REQUIRED WORK:
Begin at the line below that has "Speciaal voor jonge". Stop after the line that has "Das Platzierungsvolumen von", repeating each line exactly and leaving out the pictures.

INPUT RECORDS:
======

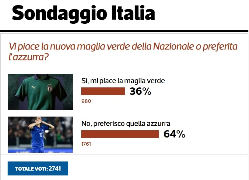 Підтримали наставника і більшість уболівальників та журналістів. Тамтешня преса іронізувала, як команда, яка носить прізвисько "Скуадра Адзурра" (що в перекладі означає "блакитна") може проміняти його на болотяний. Туринське видання Tuttosport провело опитування серед своїх читачів, і виявилося, що більшості тіфозі не до вподоби такі нововведення – проти зеленої форми проголосували 64% респондентів.
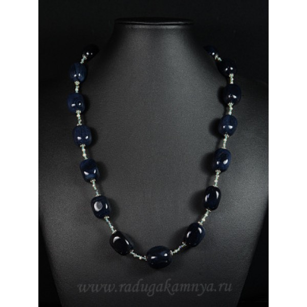 Браслет из агата голубого (сапфирин), мятый овал +..
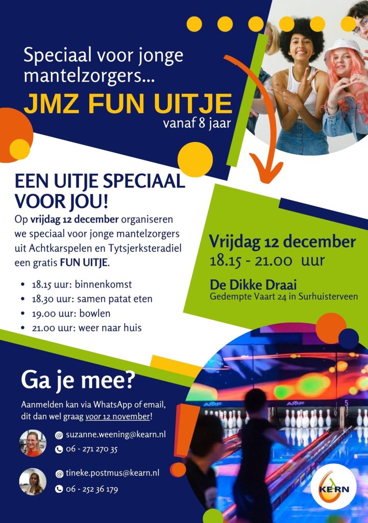 Speciaal voor jonge mantelzorgers uit de gemeente Achtkarspelen en de gemeente Tytsjerksteradiel organiseren we op vrijdag 12 december 2025 weer een Fun-Uitje! 🥳
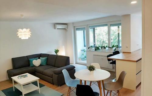 Completely renovated 1 bedroom apartment on the 1st floor of a residential building in Vrbani. It consists of an entrance hall, living room with kitchen and dining room, bedroom, bathroom with toilet, pantry and loggia. The property is modernly furnished and very well equipped; refrigerator, dishwasher, washing machine, hob, oven, extractor hood, TV, air conditioning. The building is surrounded by greenery with free public parking available. Close to schools, kindergartens and supermarkets. Lake Jarun is a 10-minute walk away. The apartment is located 5 minutes from the tram and bus station.
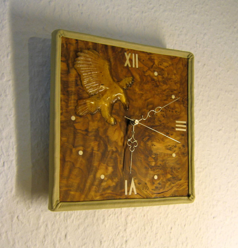 "Adler fängt Zeit" Deuchland 2008 Автор: Alexander Babel Zifferblatt: Olivenbaum Ziffern: Mammutelfenbein Flachrelief des Adlers: Bernstein Zeiger: Silber 935 Rahmen: Leder
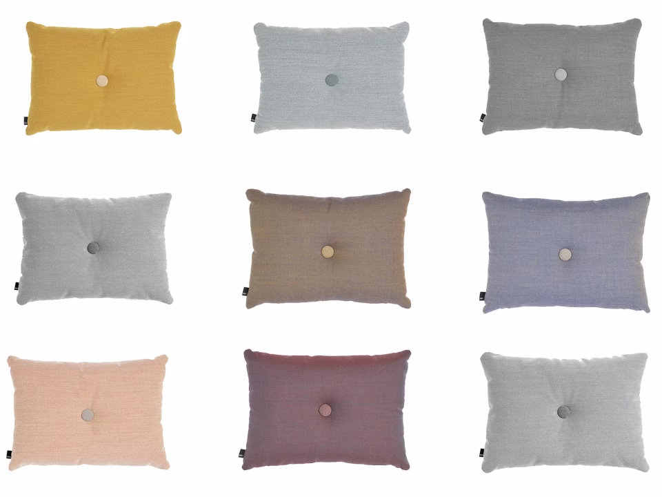 Characterised by the coloured covered buttons on the cushion, HAY’s Dot Cushion has become a design classic in many homes. This version is crafted in Kvadrat’s wool-rich blends, which offers a rich tonal range and texture, as well as superior durability. Available in two shapes, with one or two buttons. Dry clean only.
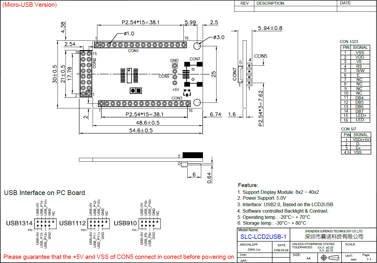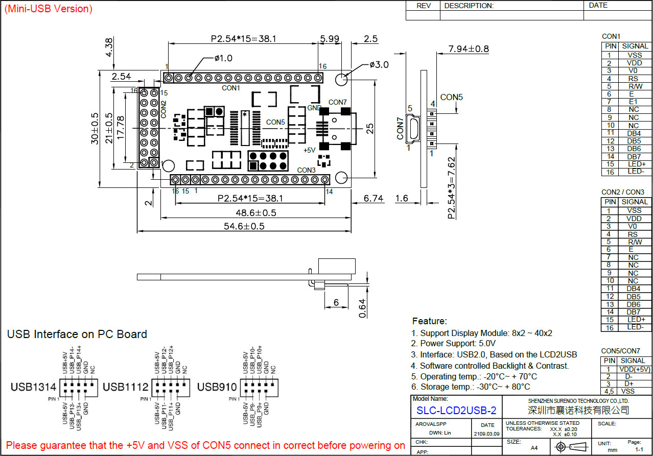 Gross Weight 0.0240Kg Manufacturer Surenoo Continuity Supply More than 10 years Part No. LCD2USB Module Display Support All Stanard Character LCD Display Interface 1X16P/2.54; 2X8P/2.54 6800 4-Bit Parallel, USB Interface Voltage(Type) 5.0V in default Software LCD Smartie; AIDA64 Operating Temperature-20℃~70℃Storage Temperature-30℃~80℃- Outline Drawing
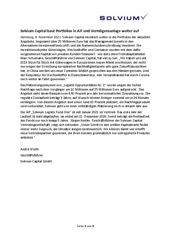Das Platzierungsvolumen von „Logistik Opportunitäten Nr. 3“ wurde wegen der hohen Nachfrage nach dem Vorgänger um 10 Millionen auf 35 Millionen Euro aufgestockt. Das Angebot sieht einen Basiszins von 4,40 Prozent pro Jahr bei monatlicher Zinszahlung vor. Die reguläre Zinslaufzeit beträgt 3 Jahre; auf Wunsch können Anleger zweimal um je 24 Monate verlängern. Von diesem Angebot sind schon rund 80 Prozent platziert, ein Nachfolgeprodukt wird vorbereitet. Solvium geht von einer vollständigen Platzierung noch in diesem Jahr aus.
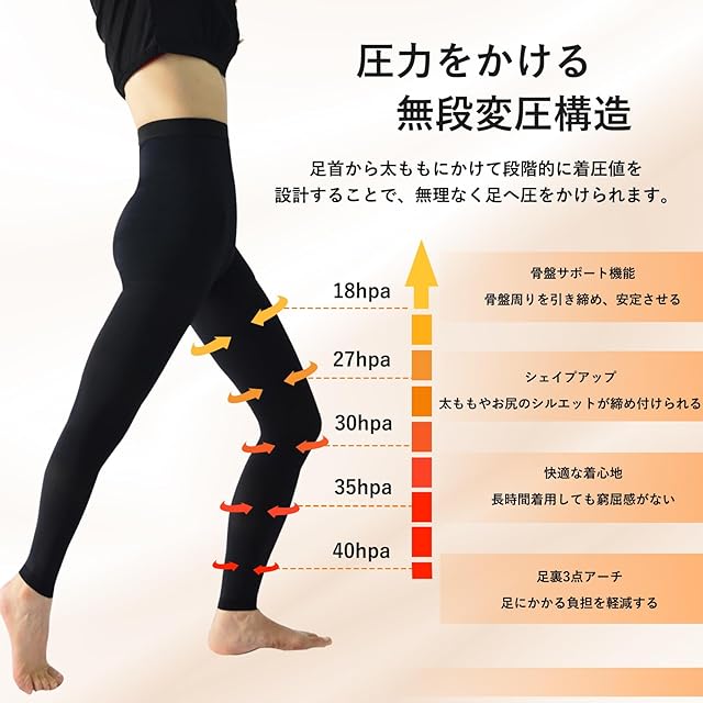 【段階圧力設計・骨盤サポート機能】一般的な着圧レギンスとは異なり、特殊な編み方を採用。足首は40hPa、太ももは18hPaと、足首から太ももにかけて段階的に圧力を設計しているため、無理なく脚全体に圧をかけることができます。日中はもちろん、就寝時の着用も可能です。また、着圧により太ももやお尻が引き締まり、履くだけで骨盤まわり・脚全体・ヒップラインを同時にサポートします。
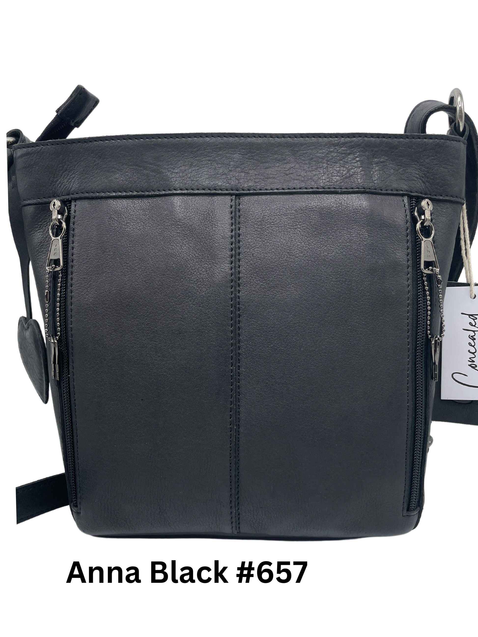 Concealed By Janko Anna Black #657 Genuine Leather Conceal and Carry Handbag
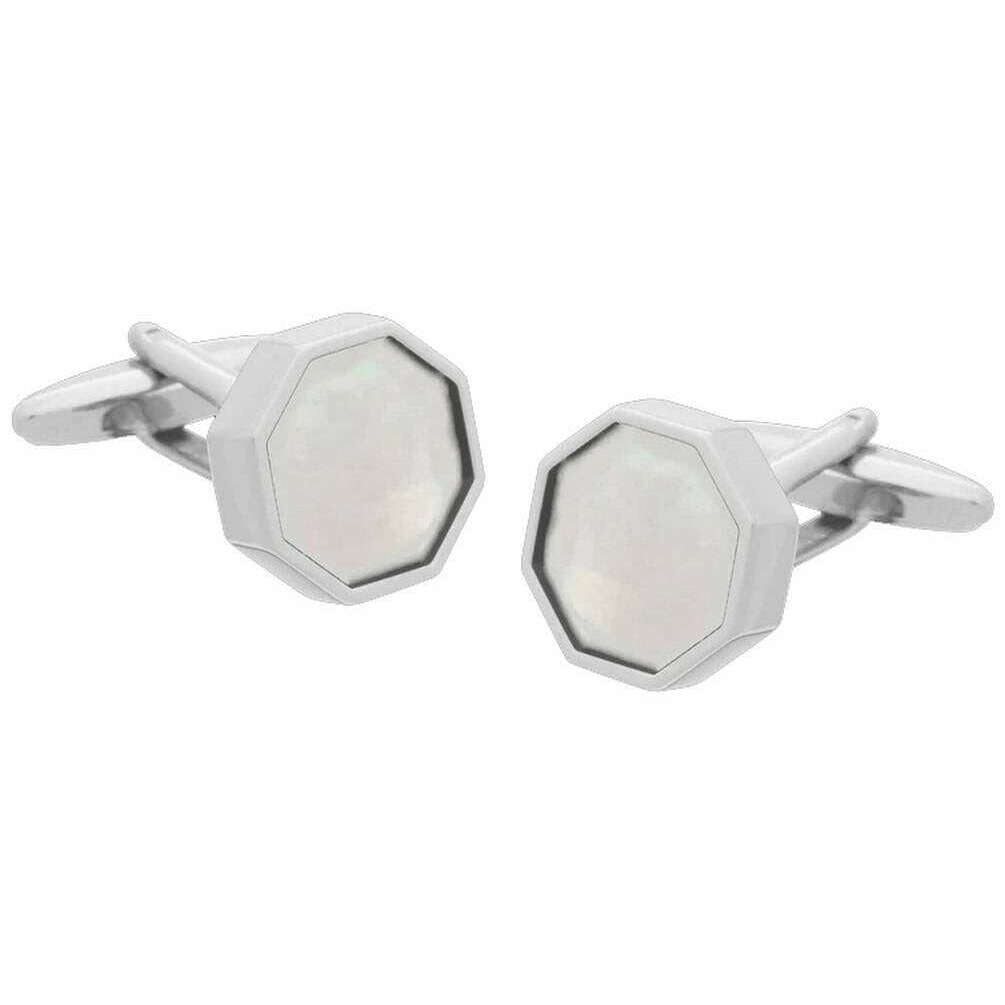 Gemelos octogonales de nácar de David Van Hagen - Blanco/Plata
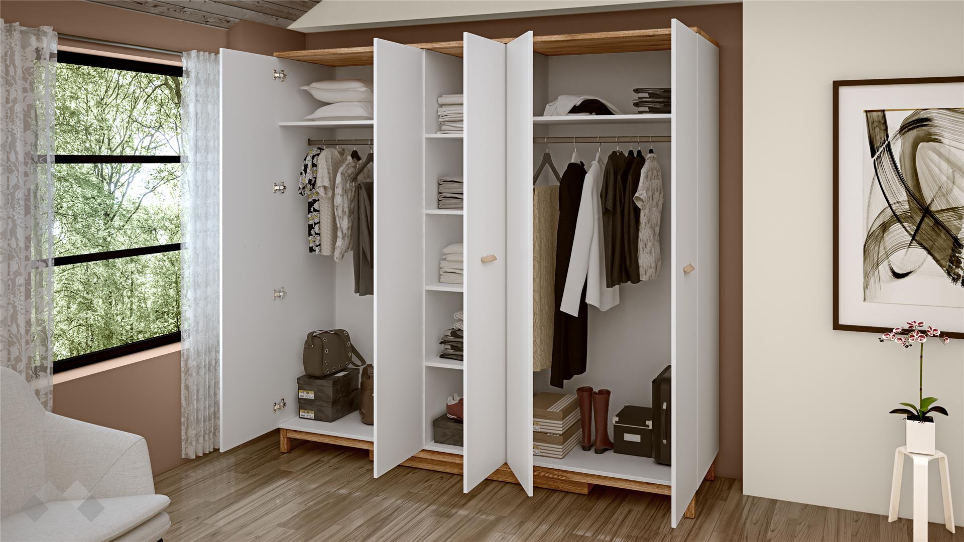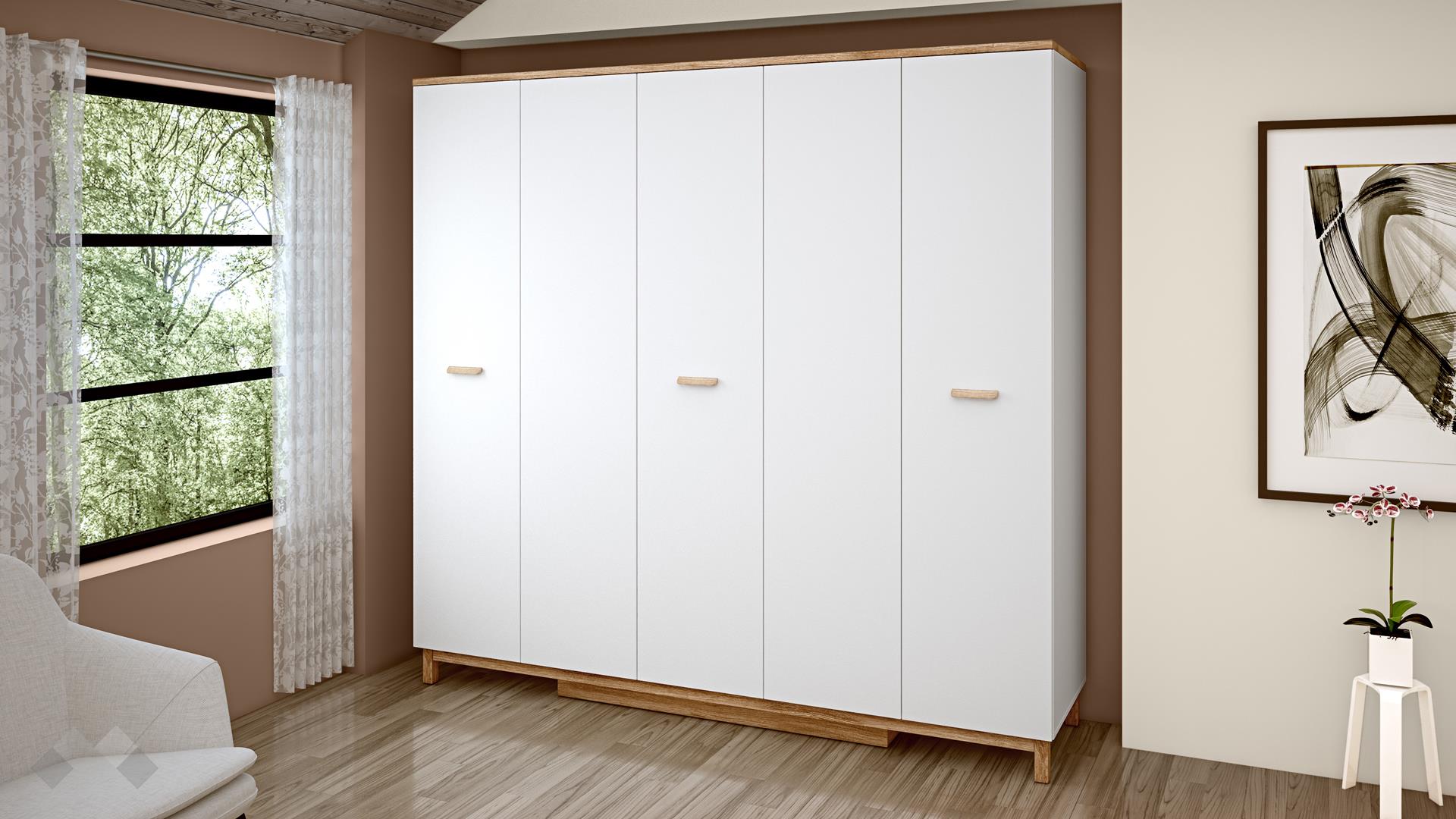 Големият петкрилен гардероб е практичното сърце на комплекта, предлагайки максимален капацитет за съхранение. Гардеробът разполага с пет крила, които осигуряват впечатляващо голям капацитет за съхранение. Това позволява изключително лесно и организирано прибиране на цялото облекло, аксесоари и спално бельо. Зад средната врата ще откриеш 4 рафта, а зад останалите врати се крият лостове за закачалки.

======

COMPLETED TASK:
 Speciaal voor jonge mantelzorgers uit de gemeente Achtkarspelen en de gemeente Tytsjerksteradiel organiseren we op vrijdag 12 december 2025 weer een Fun-Uitje! 🥳
 Completely renovated 1 bedroom apartment on the 1st floor of a residential building in Vrbani. It consists of an entrance hall, living room with kitchen and dining room, bedroom, bathroom with toilet, pantry and loggia. The property is modernly furnished and very well equipped; refrigerator, dishwasher, washing machine, hob, oven, extractor hood, TV, air conditioning. The building is surrounded by greenery with free public parking available. Close to schools, kindergartens and supermarkets. Lake Jarun is a 10-minute walk away. The apartment is located 5 minutes from the tram and bus station.
 "Adler fängt Zeit" Deuchland 2008 Автор: Alexander Babel Zifferblatt: Olivenbaum Ziffern: Mammutelfenbein Flachrelief des Adlers: Bernstein Zeiger: Silber 935 Rahmen: Leder
 Characterised by the coloured covered buttons on the cushion, HAY’s Dot Cushion has become a design classic in many homes. This version is crafted in Kvadrat’s wool-rich blends, which offers a rich tonal range and texture, as well as superior durability. Available in two shapes, with one or two buttons. Dry clean only.
 Gross Weight 0.0240Kg Manufacturer Surenoo Continuity Supply More than 10 years Part No. LCD2USB Module Display Support All Stanard Character LCD Display Interface 1X16P/2.54; 2X8P/2.54 6800 4-Bit Parallel, USB Interface Voltage(Type) 5.0V in default Software LCD Smartie; AIDA64 Operating Temperature-20℃~70℃Storage Temperature-30℃~80℃- Outline Drawing
Das Platzierungsvolumen von „Logistik Opportunitäten Nr. 3“ wurde wegen der hohen Nachfrage nach dem Vorgänger um 10 Millionen auf 35 Millionen Euro aufgestockt. Das Angebot sieht einen Basiszins von 4,40 Prozent pro Jahr bei monatlicher Zinszahlung vor. Die reguläre Zinslaufzeit beträgt 3 Jahre; auf Wunsch können Anleger zweimal um je 24 Monate verlängern. Von diesem Angebot sind schon rund 80 Prozent platziert, ein Nachfolgeprodukt wird vorbereitet. Solvium geht von einer vollständigen Platzierung noch in diesem Jahr aus.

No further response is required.